Start to finish, retype the entries exactly while omitting the pictures.

START Data records

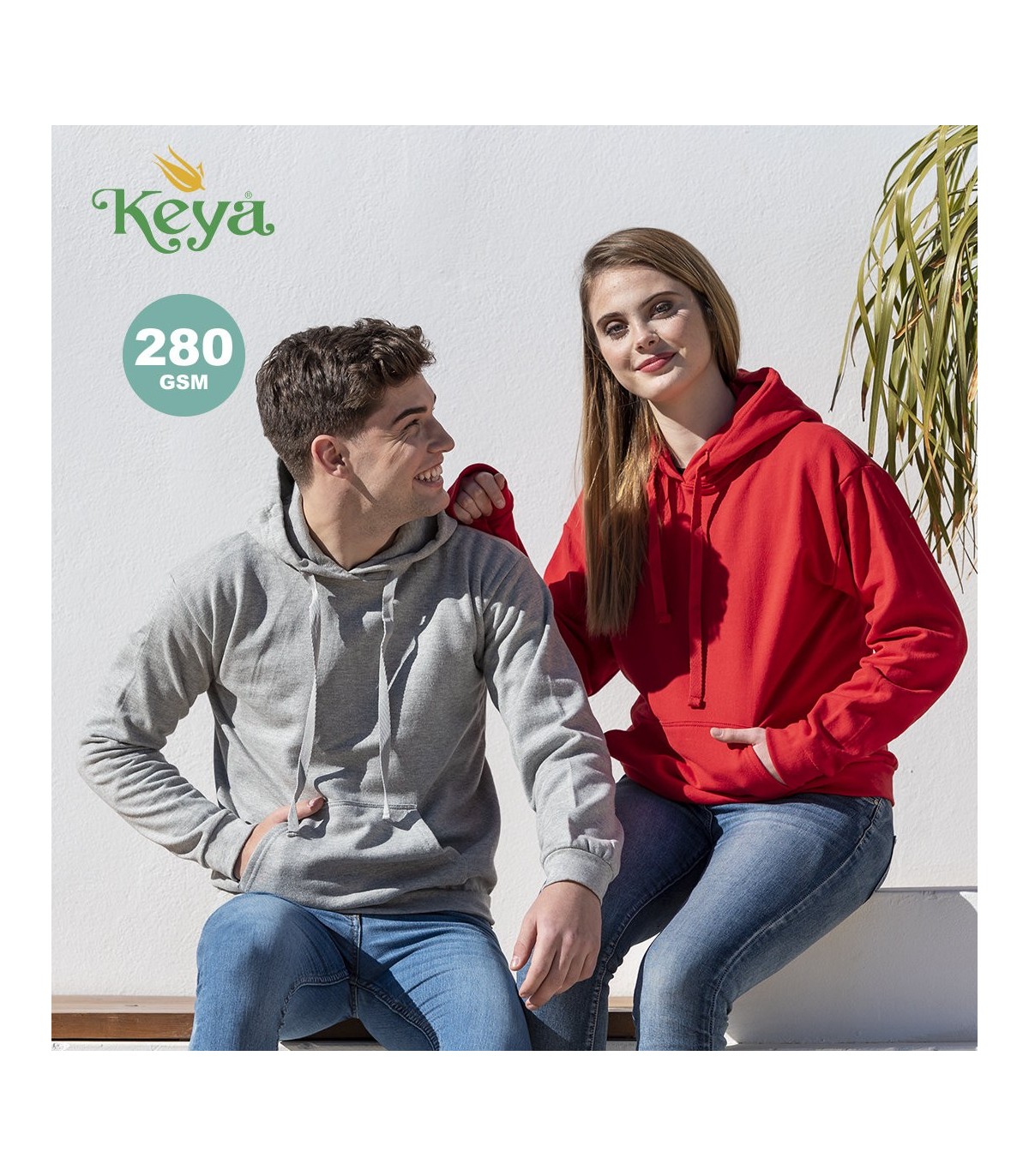 Sudadera para adulto con capucha de Keya SWP280 en combinación de materiales algodón y poliéster de 280g/m². Con cordones a juego y bolsillo frontal. Disponible en extensa gama de vivos colores y en tallas S, M, L, XL, XXL, 3XL.
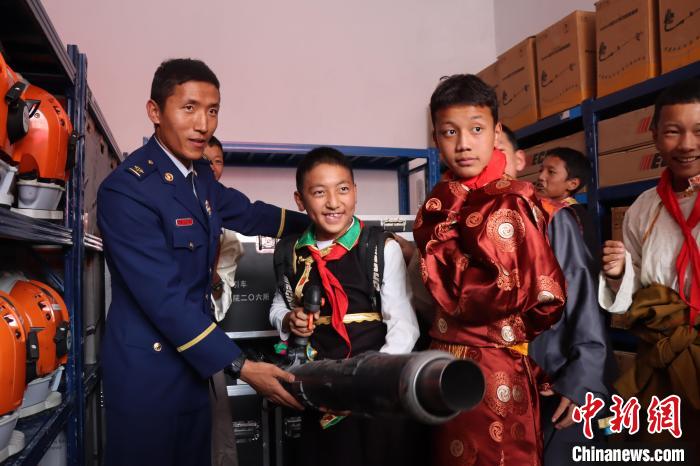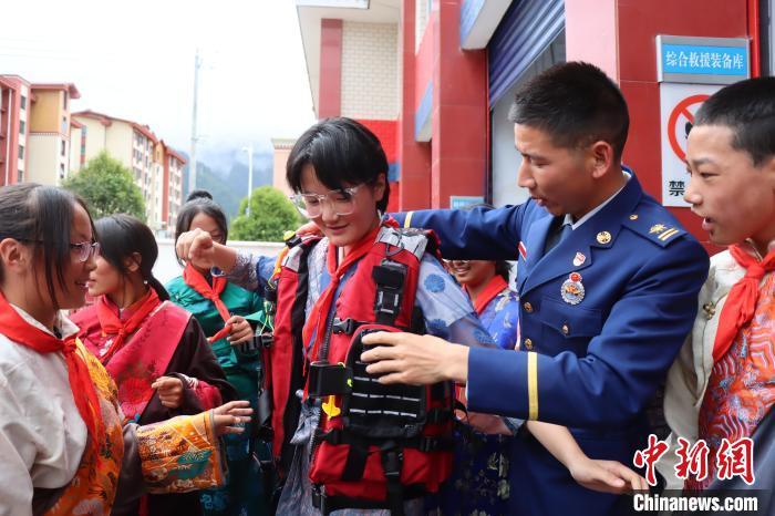 圖為消防員正在為學(xué)生普及防災(zāi)減災(zāi)知識。西繞拉翁 攝
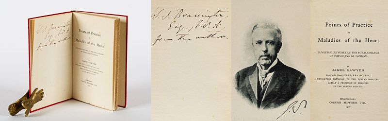 Points of practice in Maladies of the Heart – [INSCRIBED / SIGNED – with a signed (monogrammed) portrait-postcard of Sir James Sawyer] – Lumleian lectures at the Royal College of Physicians of London.
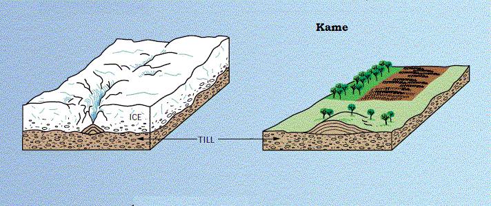 (pothole): a chunk of ice sitting in a depression eventually melts, leaving behind its load of gravel.
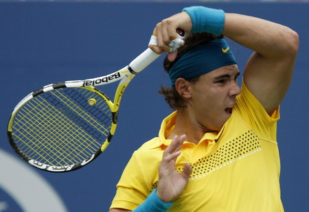 Updated: 2009-09-13 14:50 NEW YORK: It took only 90 seconds and three shanked forehands from Fernando Gonzalez to effectively hand Rafael Nadal a free ticket into the US Open semi-finals on Saturday.
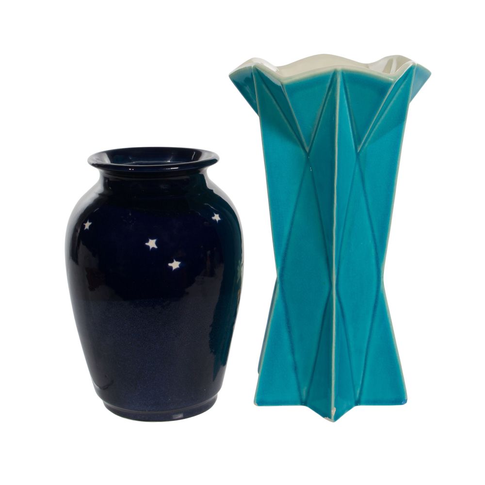 (2) items including a Karen Howell vase having reserve white bunnies on cobalt blue ground signed underside and a Belle Kogan for Red Wing Pottery Prismatique Vase #797 in light blue, raised Red Wing mark underside
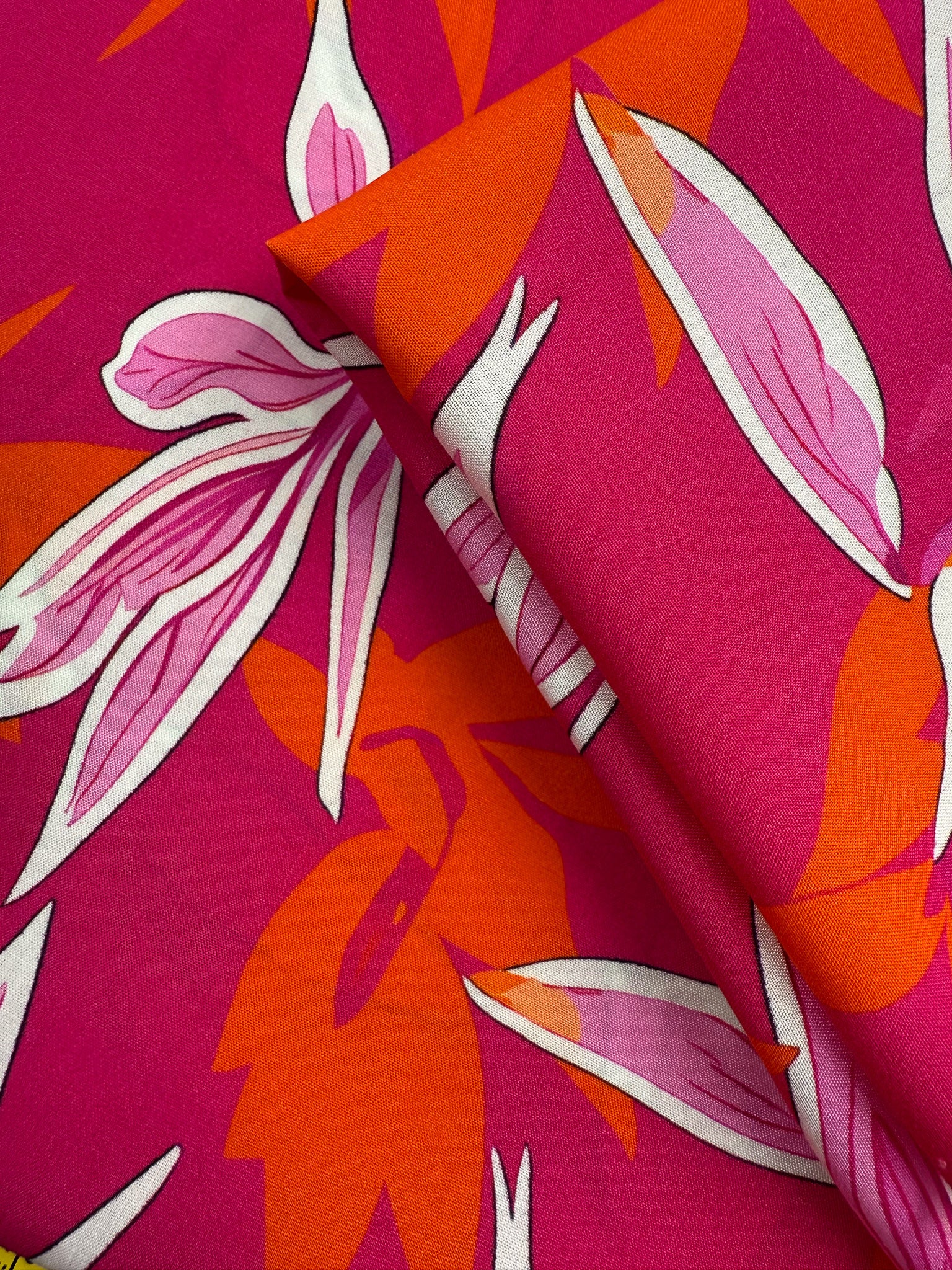 Our Designer Rayon showcases a beautiful and colourful fabric with vibrant prints that can be used for various purposes such as dresses, skirts, blouses, curtains, and more. Our collection showcases a soft, lightweight fabric with a smooth drape and a luxurious feel. Overall, rayon fabric offers both comfort and style, making it a versatile choice for any project.
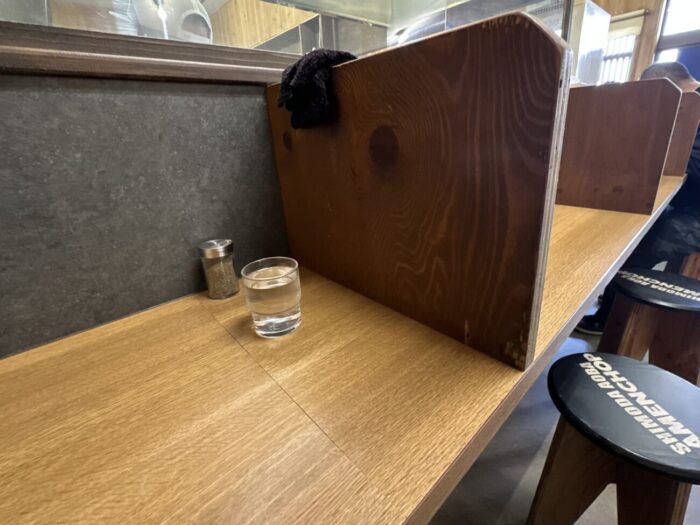 ありがたいのは横席客の目線も気にならないパーティション、そしてどう読んでもラーメンチョプなイス
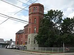 Hornell Armory is a historic National Guard armory building located at Hornell in Steuben County, New York. It is a brick and stone castle-like structure built in 1894. It was designed by architect Isaac G. Perry. The three-story main structure has a four-story round corner tower. Attached to the main structure are an additional pair of two-story corner towers. Extending from the main structure is a long two-story wing with a gable roof and corner stair tower.[2]
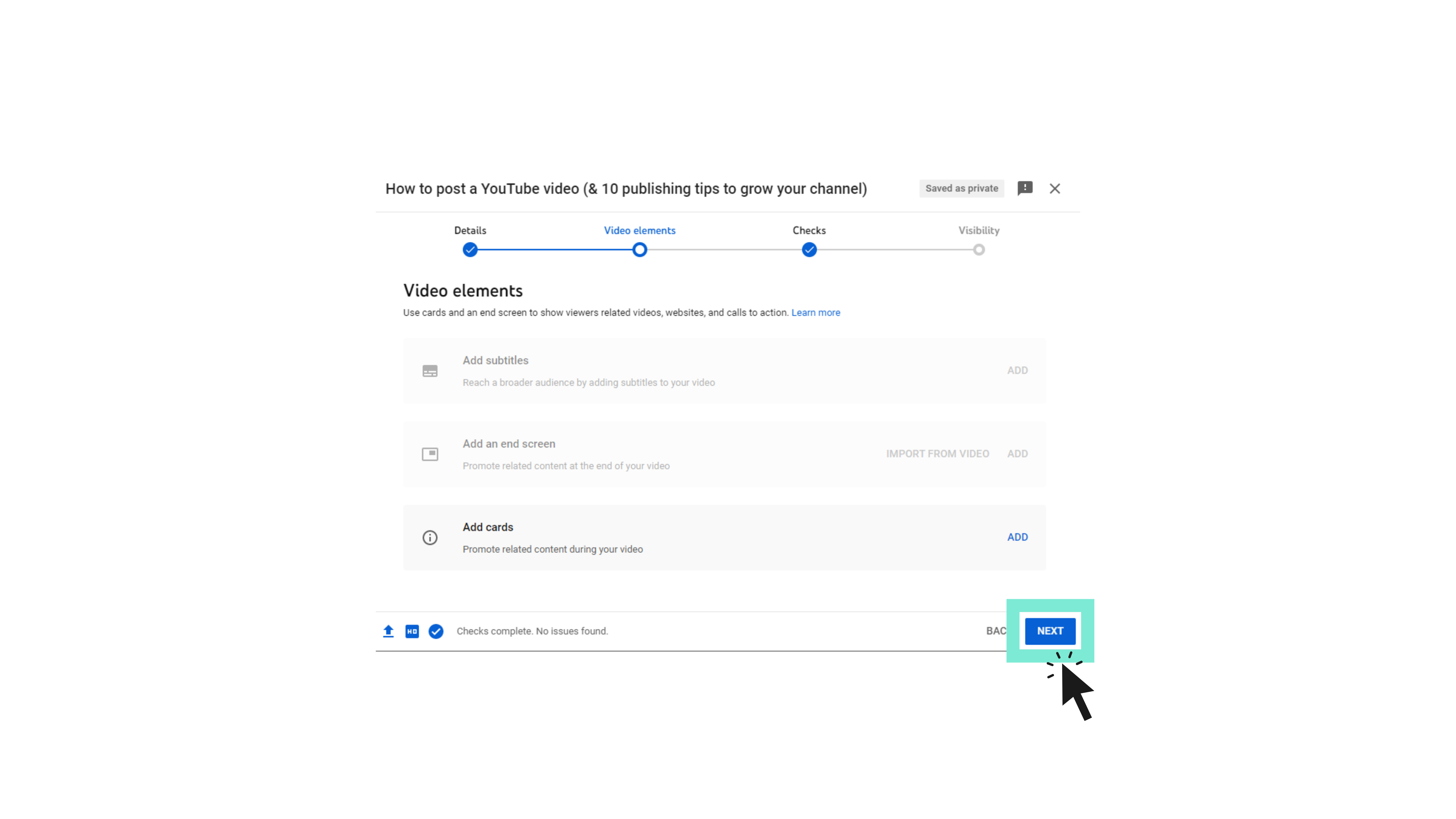- YouTube verifica automáticamente el contenido cargado en busca de problemas de derechos de autor. Si no hay ninguno, verá una nota en la esquina inferior de la ventana emergente que dice "Comprobaciones completas". No se encontraron problemas." Luego puede hacer clic en Siguiente .
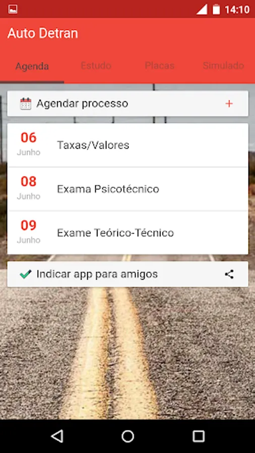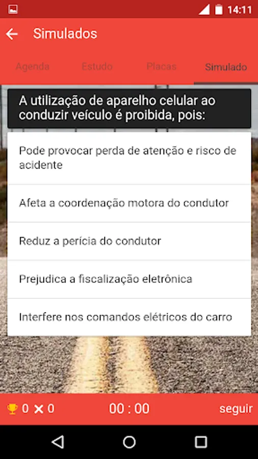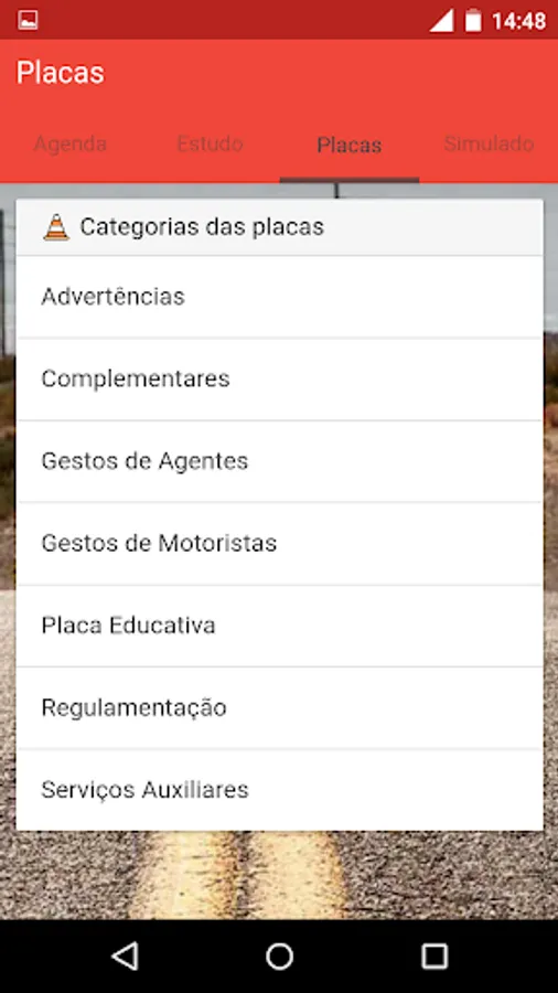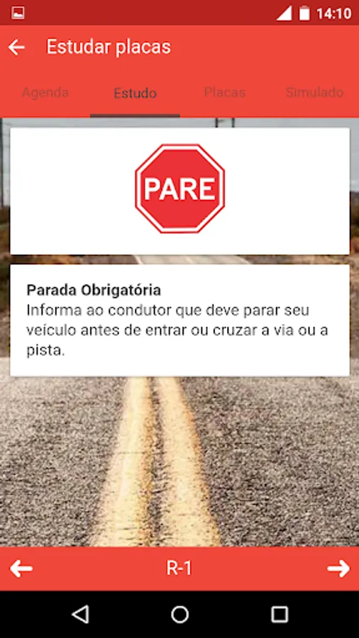 DMV application to study for exams in Brazil. Contains simulated and evidence for study of timing. There are also a function to view the signposts that functions as a game. It has more than 1,000 content between questions, evidence and answers to study.
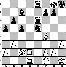 Partie-Notation im PGN-Format [Event "Bremer Schl"] [Site "www.mySchach.de"] [Date "2008.11.01"] [Round "2"] [White "Phantasos"] [Black "Baehr008"] [ECO "A46"] [WhitemyELO "2124"] [BlackmyELO "1996"] [Result "1-0"] [TimeControl "10/2592000"] [WhiteDays "18"] [BlackDays "79"] [MySchachNr "49440"] 1. d4 Nf6 2. Nf3 d5 3. c4 c6 4. Nc3 e6 5. e3 Nbd7 6. Qc2 Bd6 7. Bd3 O-O 8. O-O Re8 9. Rd1 Qe7 10. e4 dxc4 11. Bxc4 e5 12. h3 exd4 13. Nxd4 Bc7 14. Be3 Nxe4 15. Nxe4 Qxe4 16. Bd3 Qe5 17. Bxh7+ Kh8 18. Nf3 Qh5 19. Bf5 Ne5 20. Nd4 Kg8 21. b3 Bxf5 22. Nxf5 Re6 23. Rac1 Rae8 24. Kh1 a6 25. Ng3 Qh8 26. Nf1 a5 27. Rd2 b6 28. Rcd1 c5 29. Bf4 1-0 Stellungs-Notation im FEN-Format 4r1kq/2b2pp1/1p2r3/p1p1n3/5B2/1P5P/P1QR1PP1/3R1N1K - - - 1 29 Geschlagene Figuren Weiss: Geschlagene Figuren Schwarz: Klicken Sie auf eine geschlagene Figur um den gewünschten Zug darzustellen!
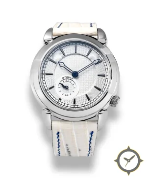 Eine Dress-Uhr mit einem markanten 44.5mm Auftritt am Handgelenk, gefertigt aus Edelstahl mit einem Zifferblatt in weiß und einer besonderen "engine-turned guilloche"-Oberfläche.

END Data records

• Result of this exercise
 Sudadera para adulto con capucha de Keya SWP280 en combinación de materiales algodón y poliéster de 280g/m². Con cordones a juego y bolsillo frontal. Disponible en extensa gama de vivos colores y en tallas S, M, L, XL, XXL, 3XL.
 圖為消防員正在為學(xué)生普及防災(zāi)減災(zāi)知識。西繞拉翁 攝
 Points of practice in Maladies of the Heart – [INSCRIBED / SIGNED – with a signed (monogrammed) portrait-postcard of Sir James Sawyer] – Lumleian lectures at the Royal College of Physicians of London.
 (pothole): a chunk of ice sitting in a depression eventually melts, leaving behind its load of gravel.
 Updated: 2009-09-13 14:50 NEW YORK: It took only 90 seconds and three shanked forehands from Fernando Gonzalez to effectively hand Rafael Nadal a free ticket into the US Open semi-finals on Saturday.
 (2) items including a Karen Howell vase having reserve white bunnies on cobalt blue ground signed underside and a Belle Kogan for Red Wing Pottery Prismatique Vase #797 in light blue, raised Red Wing mark underside
 Our Designer Rayon showcases a beautiful and colourful fabric with vibrant prints that can be used for various purposes such as dresses, skirts, blouses, curtains, and more. Our collection showcases a soft, lightweight fabric with a smooth drape and a luxurious feel. Overall, rayon fabric offers both comfort and style, making it a versatile choice for any project.
 ありがたいのは横席客の目線も気にならないパーティション、そしてどう読んでもラーメンチョプなイス
 Hornell Armory is a historic National Guard armory building located at Hornell in Steuben County, New York. It is a brick and stone castle-like structure built in 1894. It was designed by architect Isaac G. Perry. The three-story main structure has a four-story round corner tower. Attached to the main structure are an additional pair of two-story corner towers. Extending from the main structure is a long two-story wing with a gable roof and corner stair tower.[2]
- YouTube verifica automáticamente el contenido cargado en busca de problemas de derechos de autor. Si no hay ninguno, verá una nota en la esquina inferior de la ventana emergente que dice "Comprobaciones completas". No se encontraron problemas." Luego puede hacer clic en Siguiente .
 DMV application to study for exams in Brazil. Contains simulated and evidence for study of timing. There are also a function to view the signposts that functions as a game. It has more than 1,000 content between questions, evidence and answers to study.
 Partie-Notation im PGN-Format [Event "Bremer Schl"] [Site "www.mySchach.de"] [Date "2008.11.01"] [Round "2"] [White "Phantasos"] [Black "Baehr008"] [ECO "A46"] [WhitemyELO "2124"] [BlackmyELO "1996"] [Result "1-0"] [TimeControl "10/2592000"] [WhiteDays "18"] [BlackDays "79"] [MySchachNr "49440"] 1. d4 Nf6 2. Nf3 d5 3. c4 c6 4. Nc3 e6 5. e3 Nbd7 6. Qc2 Bd6 7. Bd3 O-O 8. O-O Re8 9. Rd1 Qe7 10. e4 dxc4 11. Bxc4 e5 12. h3 exd4 13. Nxd4 Bc7 14. Be3 Nxe4 15. Nxe4 Qxe4 16. Bd3 Qe5 17. Bxh7+ Kh8 18. Nf3 Qh5 19. Bf5 Ne5 20. Nd4 Kg8 21. b3 Bxf5 22. Nxf5 Re6 23. Rac1 Rae8 24. Kh1 a6 25. Ng3 Qh8 26. Nf1 a5 27. Rd2 b6 28. Rcd1 c5 29. Bf4 1-0 Stellungs-Notation im FEN-Format 4r1kq/2b2pp1/1p2r3/p1p1n3/5B2/1P5P/P1QR1PP1/3R1N1K - - - 1 29 Geschlagene Figuren Weiss: Geschlagene Figuren Schwarz: Klicken Sie auf eine geschlagene Figur um den gewünschten Zug darzustellen!
 Eine Dress-Uhr mit einem markanten 44.5mm Auftritt am Handgelenk, gefertigt aus Edelstahl mit einem Zifferblatt in weiß und einer besonderen "engine-turned guilloche"-Oberfläche.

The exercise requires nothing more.